**AIM OF THE EXERCISE**.
Using the records below, give again exactly the lines from the line that contains "此次论坛共有近4000名中外" through the line that contains "Mandap de Fibra", both ends included, and only those.

**RECORDS PROVIDED**.

──────────

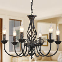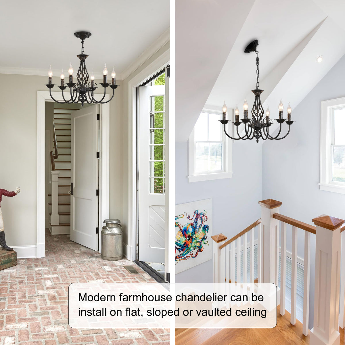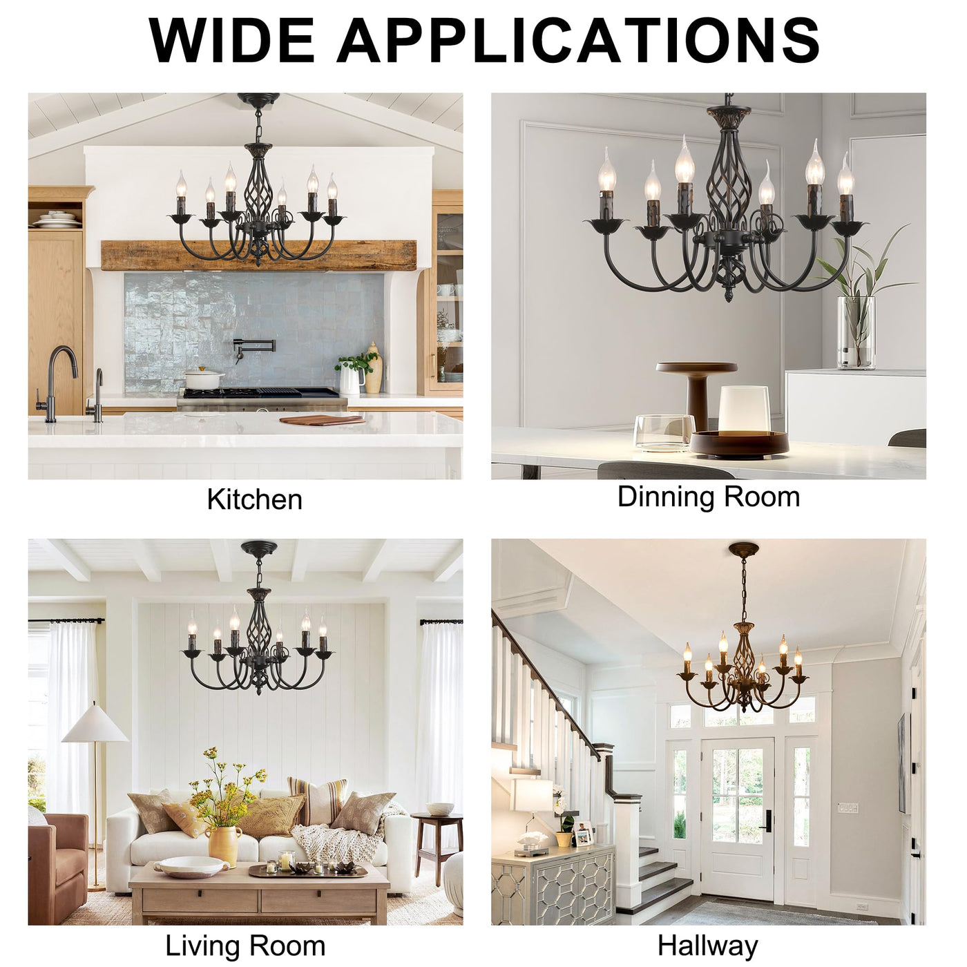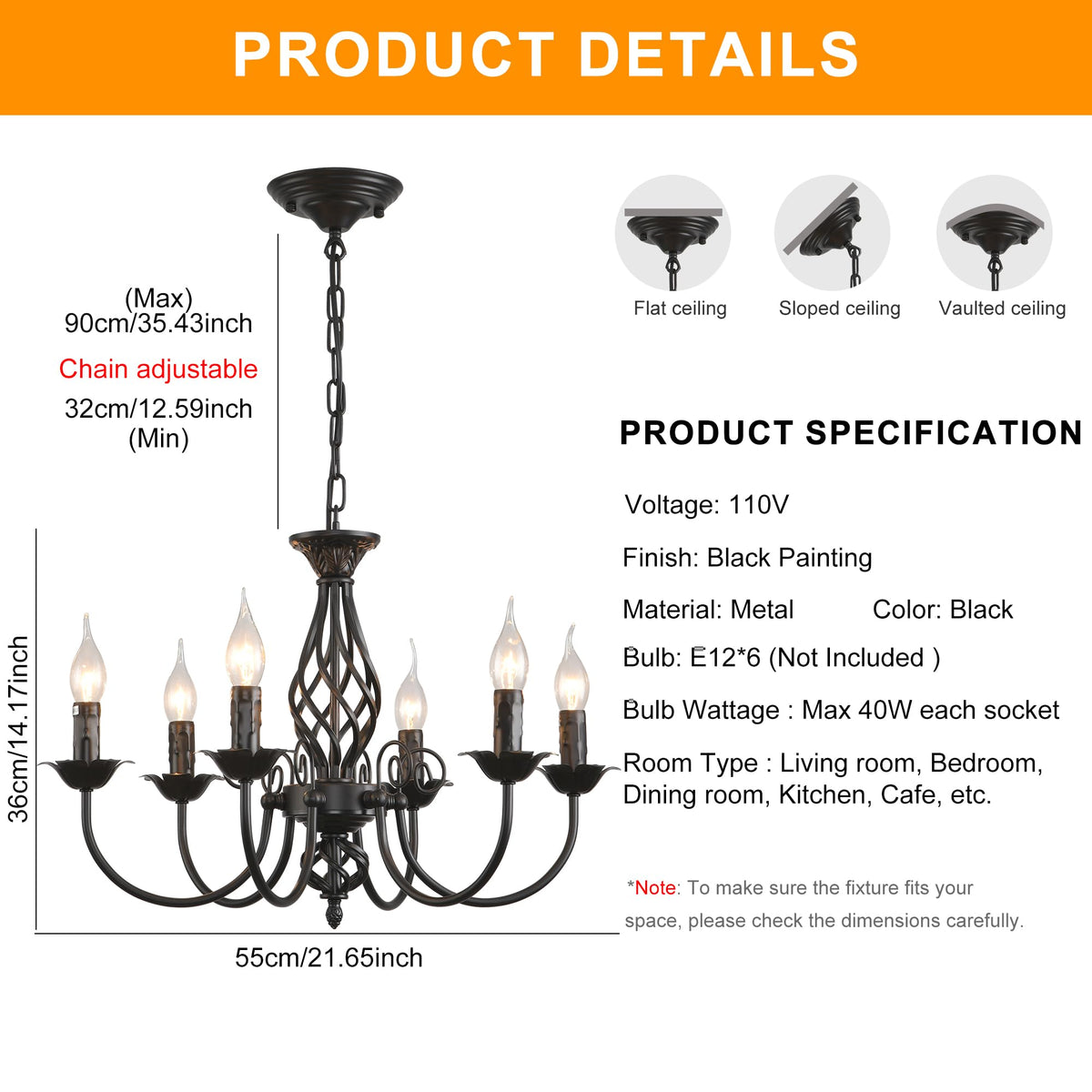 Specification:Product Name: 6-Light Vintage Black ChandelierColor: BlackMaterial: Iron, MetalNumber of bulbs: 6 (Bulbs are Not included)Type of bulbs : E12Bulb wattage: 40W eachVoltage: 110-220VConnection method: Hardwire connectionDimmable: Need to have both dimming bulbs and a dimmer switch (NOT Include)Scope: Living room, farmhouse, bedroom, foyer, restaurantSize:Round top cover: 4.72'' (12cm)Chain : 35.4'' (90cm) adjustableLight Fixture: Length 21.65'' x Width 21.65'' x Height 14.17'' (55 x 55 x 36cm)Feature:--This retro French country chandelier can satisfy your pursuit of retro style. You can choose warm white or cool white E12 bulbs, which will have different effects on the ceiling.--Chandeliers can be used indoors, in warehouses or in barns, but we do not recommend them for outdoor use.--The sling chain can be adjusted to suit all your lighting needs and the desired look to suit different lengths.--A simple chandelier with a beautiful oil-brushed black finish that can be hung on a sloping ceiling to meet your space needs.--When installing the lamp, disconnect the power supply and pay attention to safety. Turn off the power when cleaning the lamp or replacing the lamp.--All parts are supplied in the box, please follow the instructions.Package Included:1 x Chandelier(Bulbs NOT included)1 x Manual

──────────

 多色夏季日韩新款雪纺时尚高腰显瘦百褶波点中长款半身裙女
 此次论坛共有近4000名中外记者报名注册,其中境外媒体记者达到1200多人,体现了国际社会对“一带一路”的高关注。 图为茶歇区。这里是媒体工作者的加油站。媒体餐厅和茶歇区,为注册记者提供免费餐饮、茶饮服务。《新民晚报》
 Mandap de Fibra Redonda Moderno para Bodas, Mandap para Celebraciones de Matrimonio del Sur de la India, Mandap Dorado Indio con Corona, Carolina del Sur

──────────

**WRITTEN SOLUTION**.
 此次论坛共有近4000名中外记者报名注册,其中境外媒体记者达到1200多人,体现了国际社会对“一带一路”的高关注。 图为茶歇区。这里是媒体工作者的加油站。媒体餐厅和茶歇区,为注册记者提供免费餐饮、茶饮服务。《新民晚报》
 Mandap de Fibra Redonda Moderno para Bodas, Mandap para Celebraciones de Matrimonio del Sur de la India, Mandap Dorado Indio con Corona, Carolina del Sur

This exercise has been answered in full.